- Problem to solve -
A word-for-word copy of the data is what's wanted; pictures stay out of it.

- Information provided -
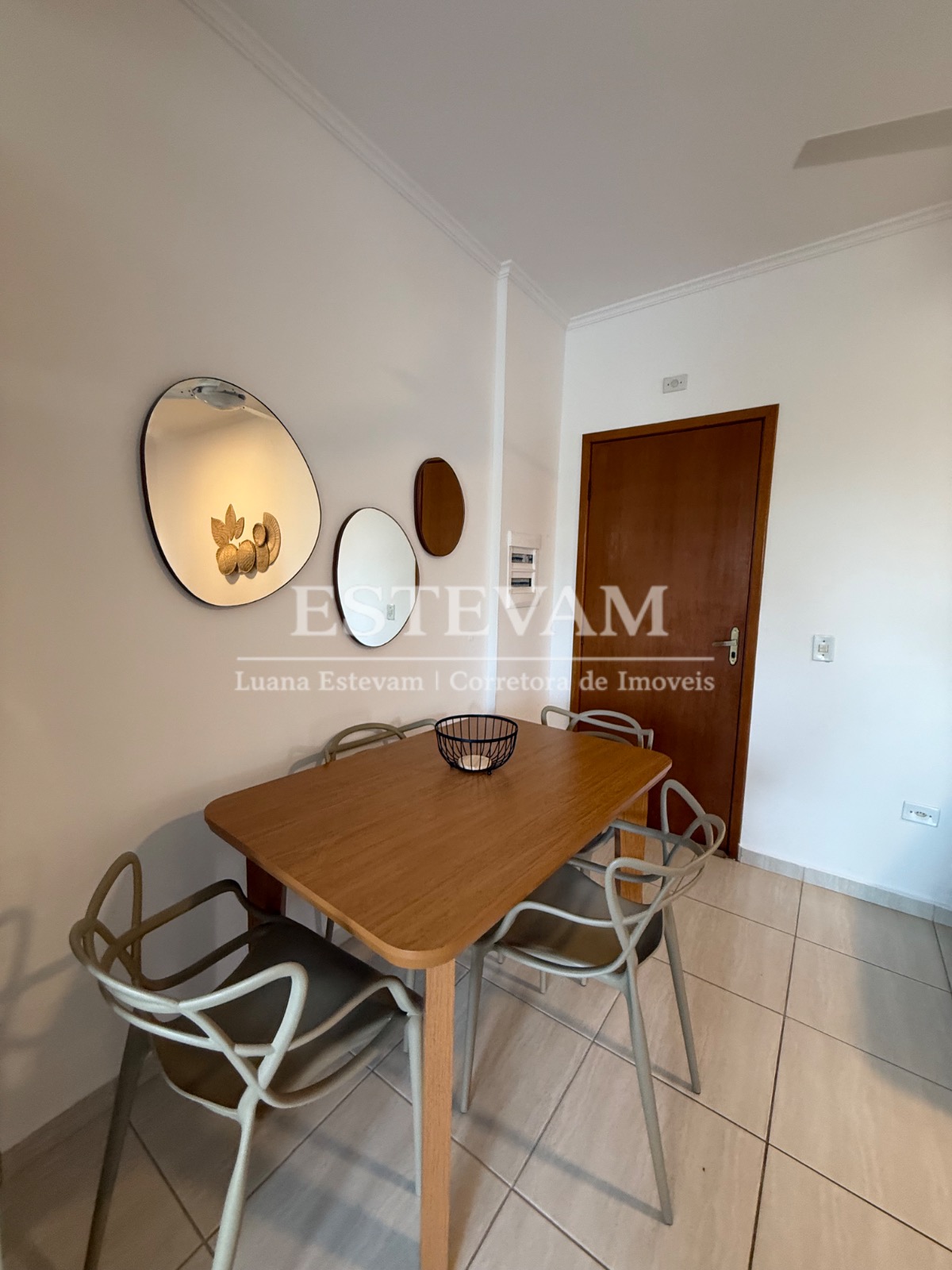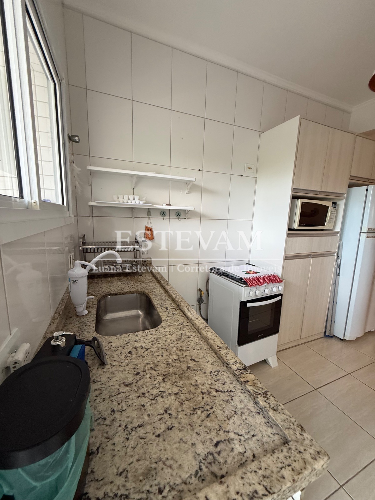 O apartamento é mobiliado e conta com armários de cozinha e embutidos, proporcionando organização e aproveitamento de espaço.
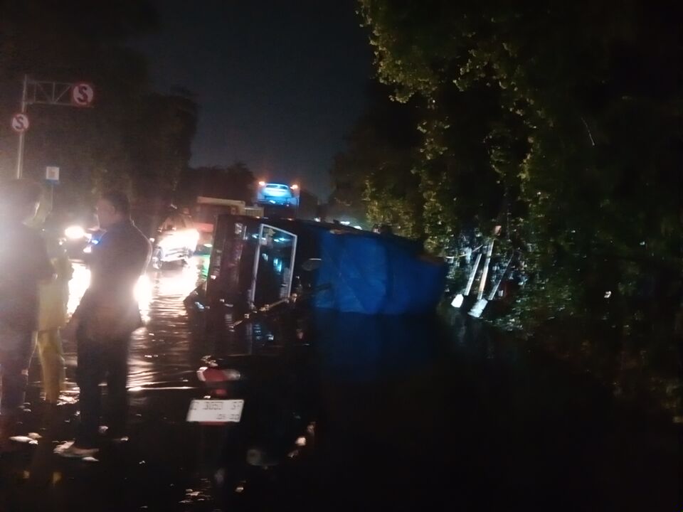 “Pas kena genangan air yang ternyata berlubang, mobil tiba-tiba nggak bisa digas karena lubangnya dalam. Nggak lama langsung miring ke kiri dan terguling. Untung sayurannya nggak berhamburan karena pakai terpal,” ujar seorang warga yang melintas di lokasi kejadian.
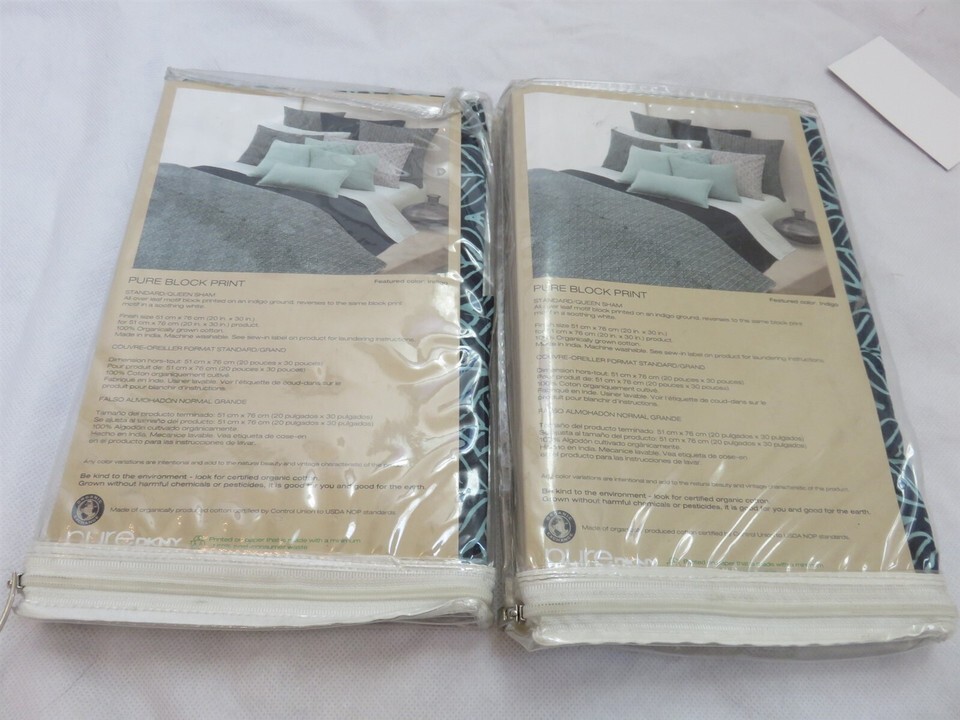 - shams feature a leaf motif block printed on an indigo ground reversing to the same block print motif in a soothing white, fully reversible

- Exercise output -
 O apartamento é mobiliado e conta com armários de cozinha e embutidos, proporcionando organização e aproveitamento de espaço.
 “Pas kena genangan air yang ternyata berlubang, mobil tiba-tiba nggak bisa digas karena lubangnya dalam. Nggak lama langsung miring ke kiri dan terguling. Untung sayurannya nggak berhamburan karena pakai terpal,” ujar seorang warga yang melintas di lokasi kejadian.
 - shams feature a leaf motif block printed on an indigo ground reversing to the same block print motif in a soothing white, fully reversible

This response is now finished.